Parenthetically, I find it mildly amusing that Cowen correctly points out the importance of trust and the difficulty of building it while supporting mass immigration, one of the single most trust-corroding policies out there.
The general Libertarian and especially elite (wannabe?) Libbers emotionally in thrall to mass immigration lead them to, when necessary, think up rationalizations for why mass immigrations good points will be better than its bad points, overall, for a majority of people, when a huge increase in comfort for the immigrations is compared to only a small decrease in comfort for the current residents - with no Trust issues listed in that "rational" list of good & bad points.

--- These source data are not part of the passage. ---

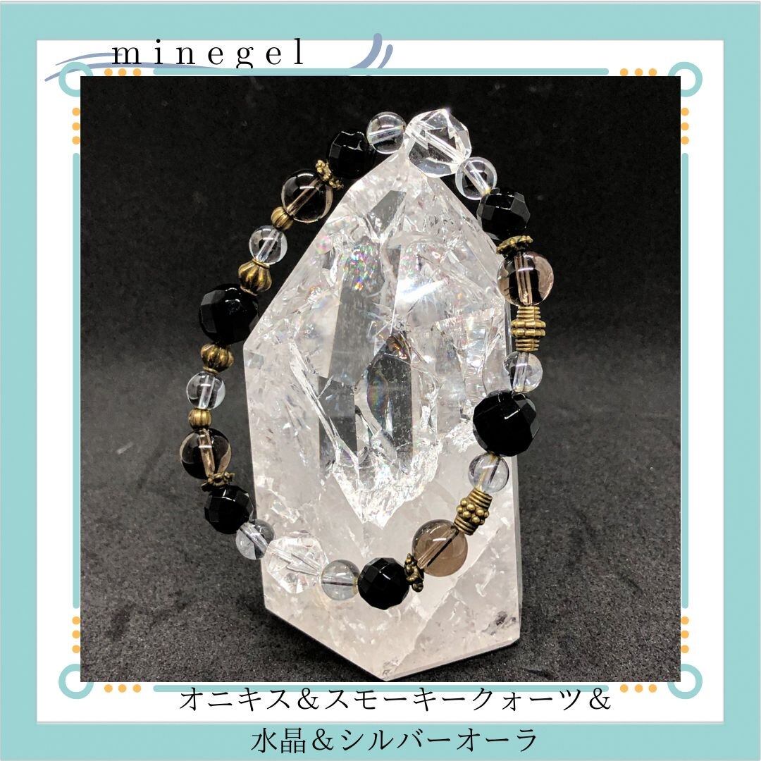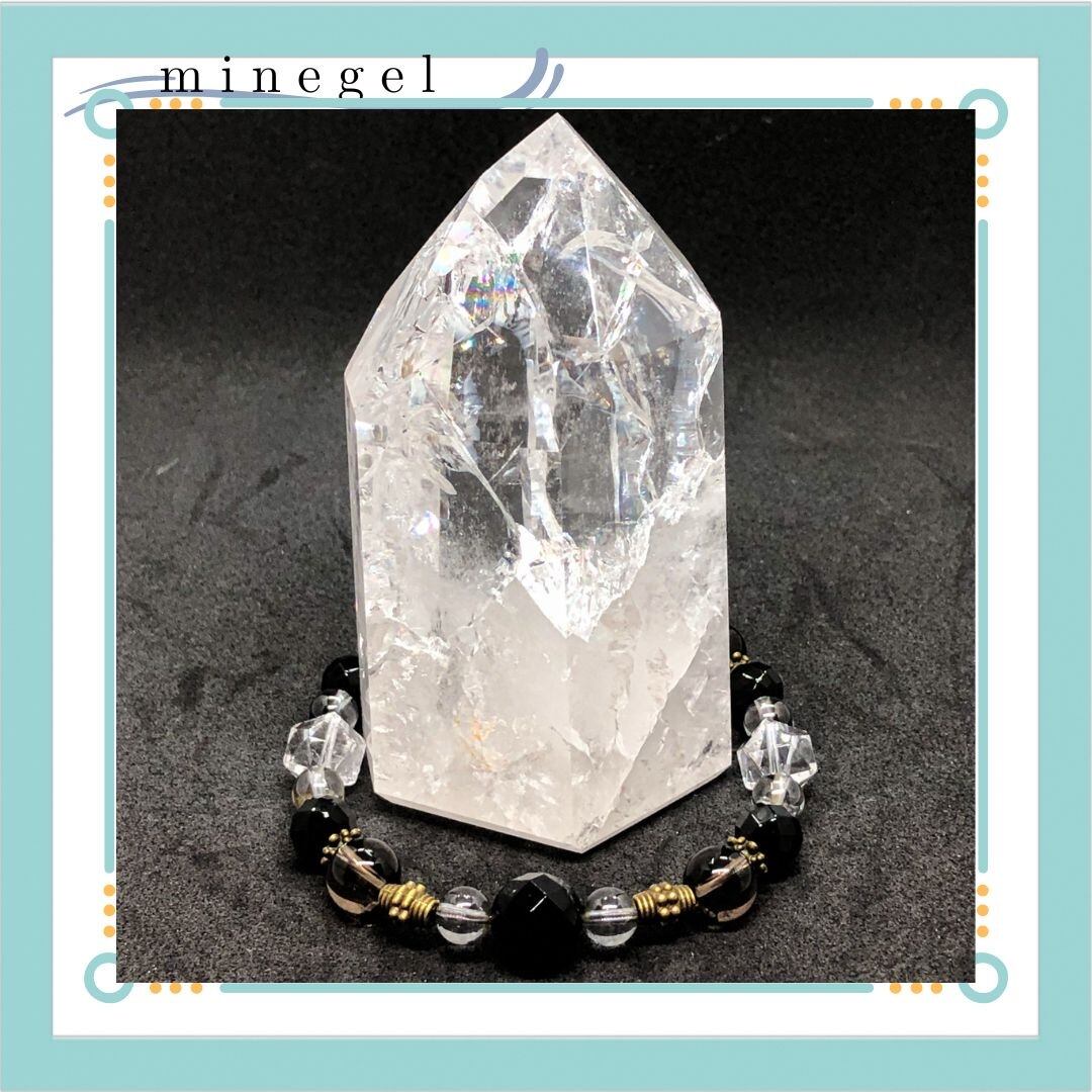 ツヤの美しいブラックオニキス64面カットと20面キラキラカットの水晶をメインに置き、とAAAスモーキークォーツ&神秘的なシルバーオーラクォーツをカッコ良くおしゃれに飾りました(* ᴗ͈ˬᴗ͈)”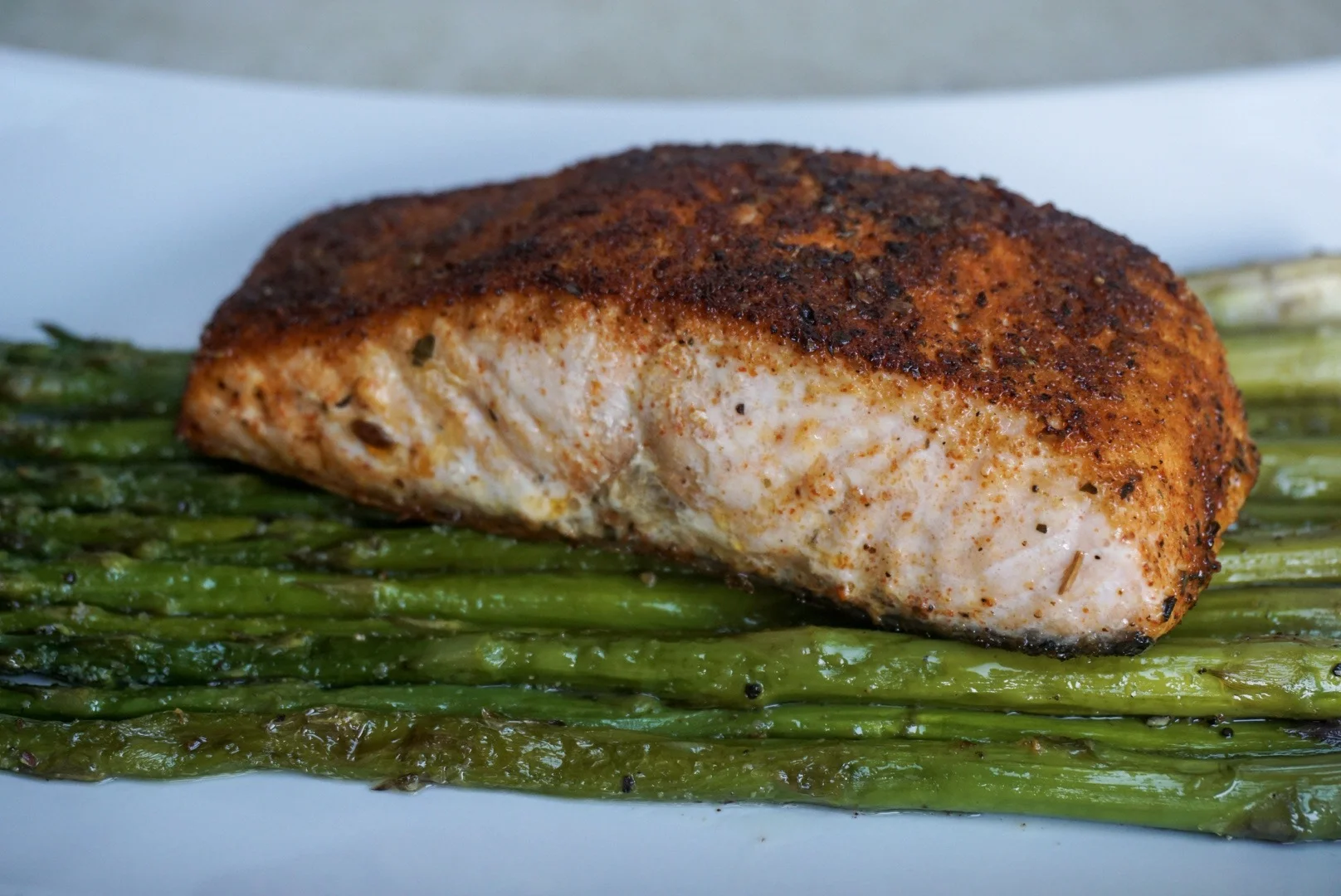Preheat your oven to 400 and begin to heat your cast iron pan over medium-high heat. while the stove and oven warm, prep your salmon. Using a paper towel, pat dry the salmon (so the seasoning will stick). Season the salmon with the blackening seasoning, rubbing it into the fish as you go. Once your cast iron pan is hot, drizzle with olive oil and place fish seasoned side down into the pan. Cook for about 2 minutes, or until you have a nice crust on the salmon. Flip the fish over, and move the cast To the oven. Bake until fish is throughly cooked, but not over cooked (salmon is over cooked when it starts to turn white on the sides). Depending how thick your piece of salmon is, this could take anywhere from 8-12 minutes. serve warm. Enjoy!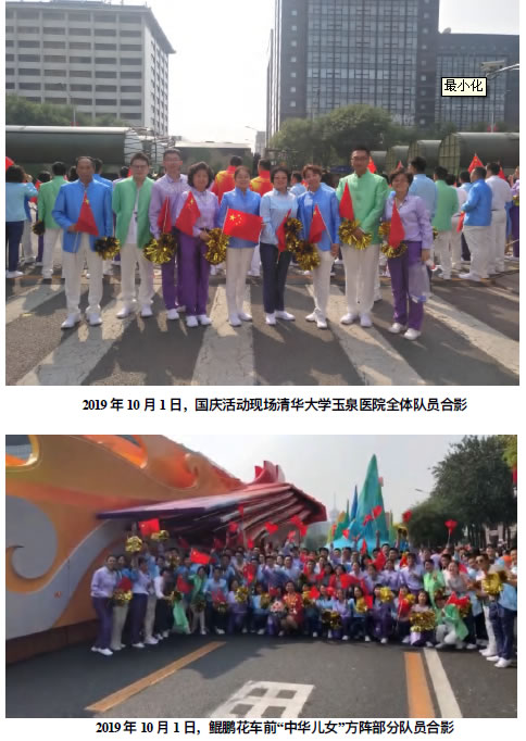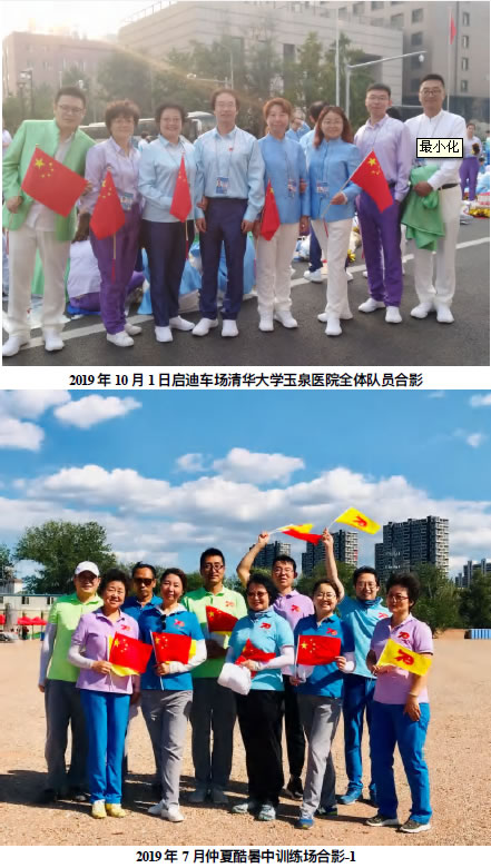 2019年的夏末秋初,非同一般,我们接到无缘神圣的光荣任务,代表清华大学玉泉医院参加中华人民共和国成立70 周年的庆祝活动。经过近 3 个⽉仲夏酷暑中的刻苦训练,我们(清华⼤学⽟泉医院郑红霜、杜洪涛、郭静、张洪霞、杨会霞、董晶、武晋廷、樊振全、郭建雄、宋佳良 10 位队员)与来自石景山区各个单位的同志们历练成牢不可破的生命共同体。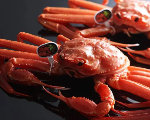 従来、水揚げされたかにの区別は、その漁港独自のタグにあります。 品質管理の厳しい柴山漁港では水揚げされたかにに他漁港では類を見ない細かなランク付けが行われます。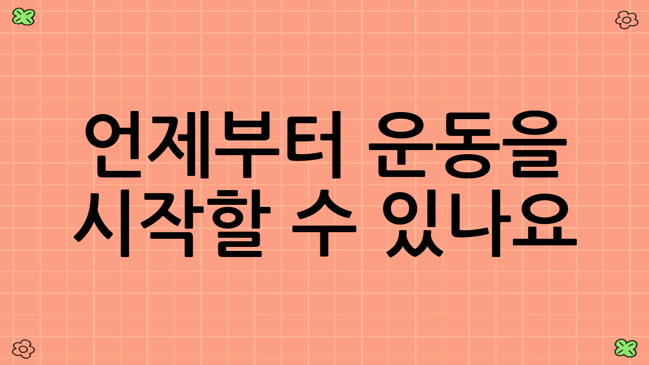 운동 시작 시기는 개인의 회복 속도와 분만 방식에 따라 다릅니다. 가장 중요한 원칙은 운동 시작 전 반드시 담당 의사와 상담하여 몸 상태를 확인하고 허락을 받는 것입니다. 조급한 마음은 금물입니다.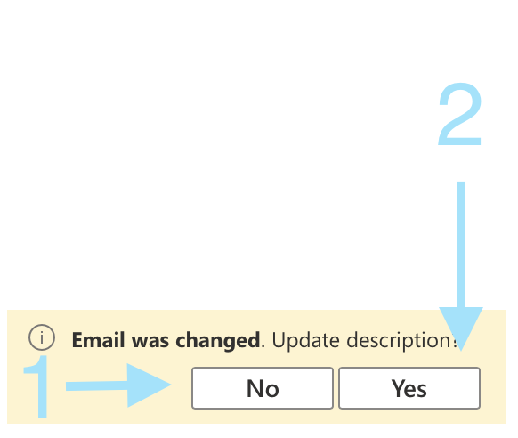 After switching the email an alert message will be displayed:
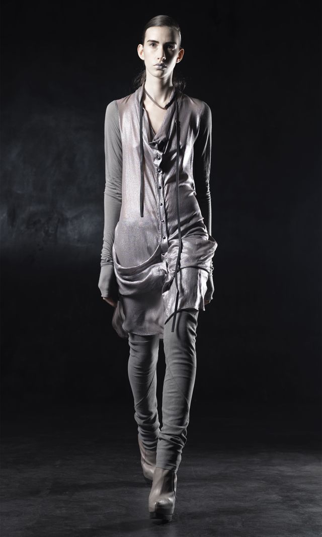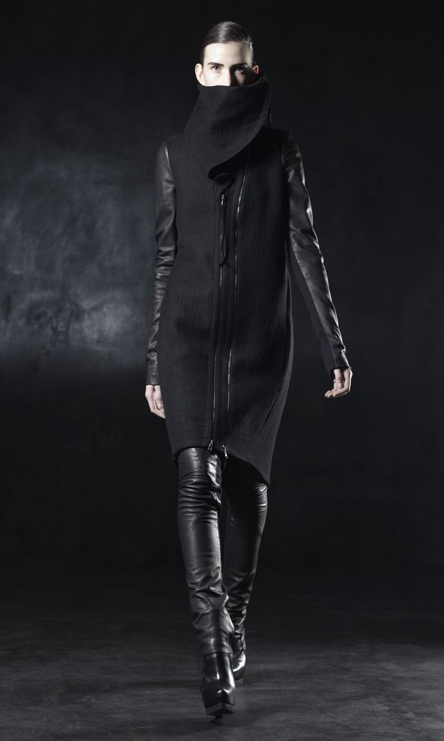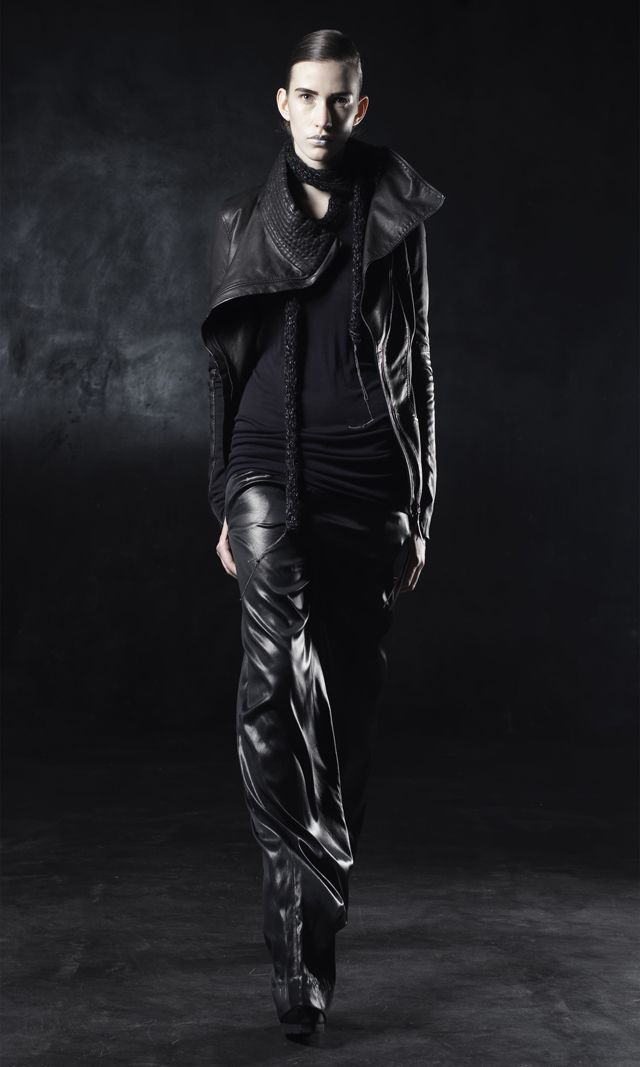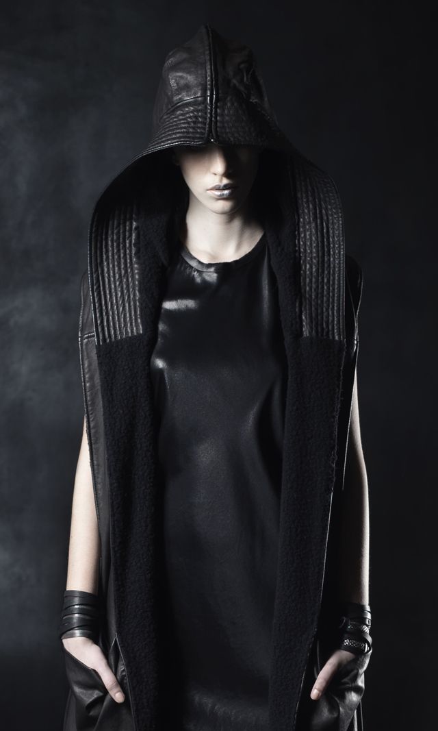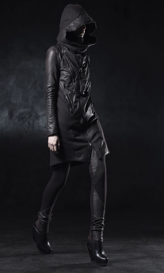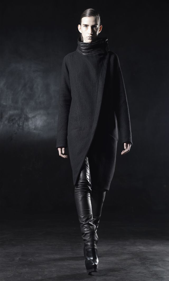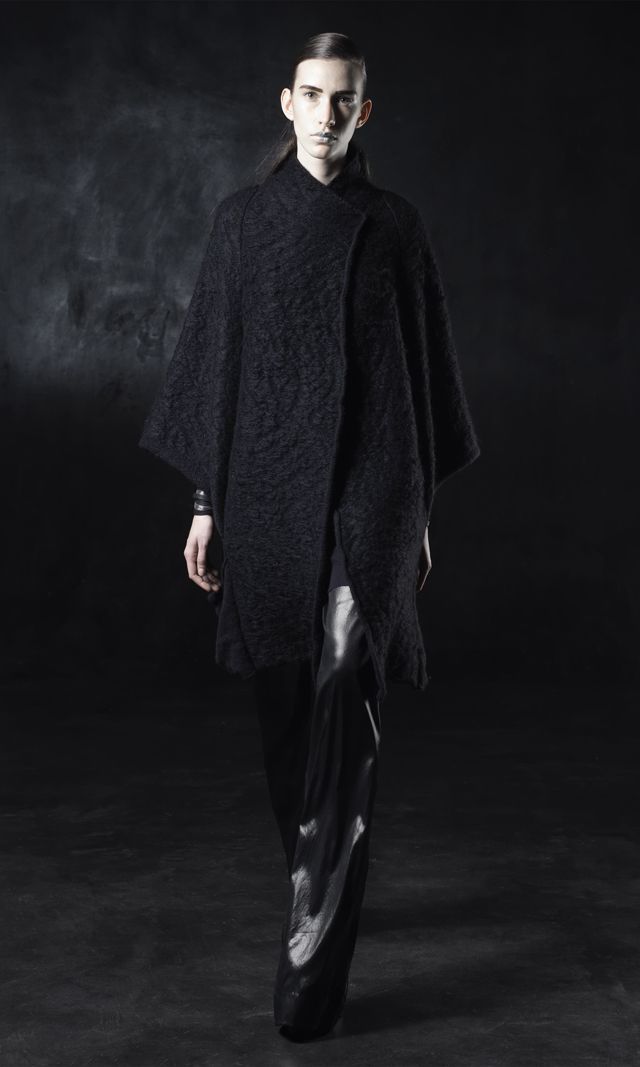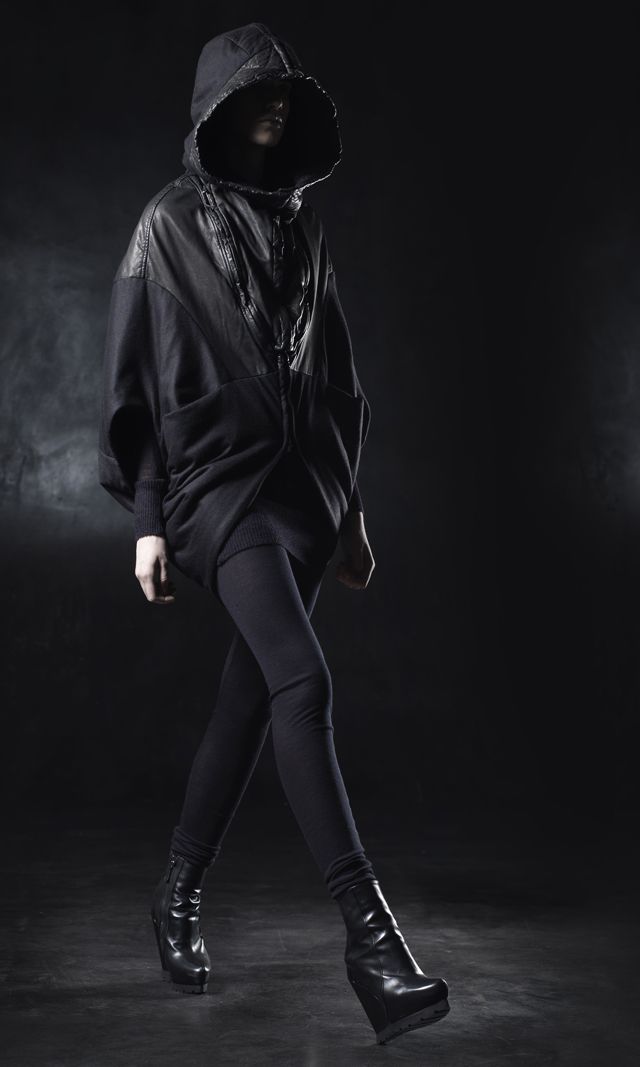 Importanti capospalla si innalzano intorno al corpo, lo circondano e lo proteggono in una corazza soft di pelle stretch o lavata a volte foderata di jersey infeltrito a donargli il confortevole calore di un guscio. Mantelle barocche rivisitate, new parka, colli ad imbuto, cappucci strutturati a celare apparentemente il volto ed ancora una pioggia di evidenti cerniere in un continuo scorrere lungo le linee morbide degli ampi volumi in evoluzione, aperture queste, pronte a schiudersi sulla realtà interiore dei fragili angeli urbani. Il tutto nelle tonalità del calce come protezione e del nero come potenza ad esaltare le sfumature dell'oro che incorniciano questa collezione, quasi a celebrare la centralità dell'Io stesso.
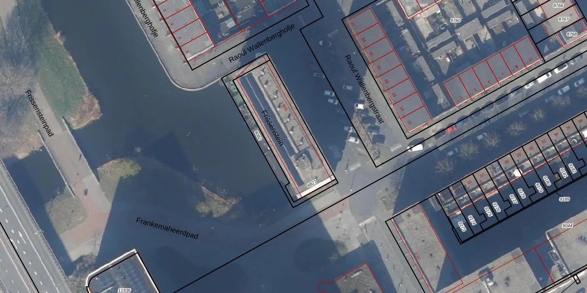 Het perceel waarop Frissenstein 401-B staat heeft een oppervlakte van 686 m². Dit is een groot perceel. De perceeloppervlakte wordt geregistreerd door het Kadaster. Gedetailleerde informatie over de maten van dit perceel kunt u vinden in het rapport Kadastrale kaart met maatvoering van Frissenstein 401-B.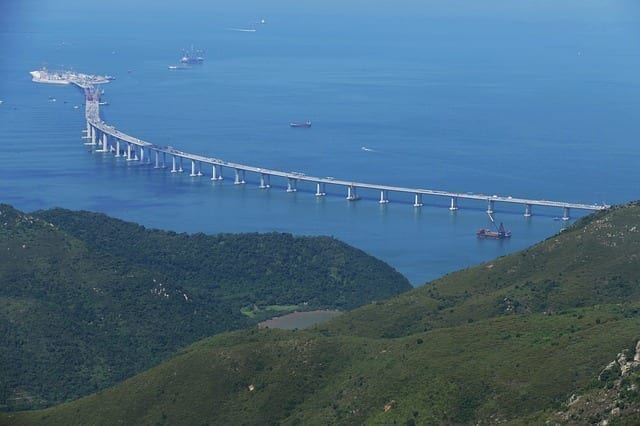 2018年10月开通的港珠澳大桥,是连接香港大屿山、澳门半岛和广东省珠海市的大型跨海通道,现为世界上最长的沉管隧道,及世界跨海距离最长的桥隧组合公路。

All Libertarians are smart enough to "rationally" come to their emotionally satisfying Liberty (first!) conclusions.
The US population is over 50% larger than the 1970s. As a Gen X'er who has grown up in that time it's hard to see any actual net downside of mass immigration. They're not stealing anyones's jobs. There's plenty of space. The New Right is all about surrendering their own agency, joining the pouty progressives.
"I fear that tomorrow belongs to the woke. But there is still a day after tomorrow." The Day after Tomorrow is a 2004 disaster movie. I hope we don't go there.
In any case, the mean girls are in charge. They don't care much for classical liberalism or liberalism. Just be sure to mimic their dress and speech.
Tyler Cowen's clarity of thought is amazing! Also I feel the emergence of the New Right was necessary to counter the Woke narrative, yet in the end we have to strive for the middle.
The midde is where you get run over most easiy. Here is the hard truth- passion and commitment is what wins battles. That kind of passion and commitment to cause exists only on the left today, and the people "in the middle" are all cowards like Tyler Cowen, who I greatly admired at one time. When the crew of the ship is steering it into the iceberg, you are actually better off with no one at the wheel.
What he says about classical liberals applies to old fashioned Liberals, Neoliberals, lots of old time Conservatives and probably some Progressives.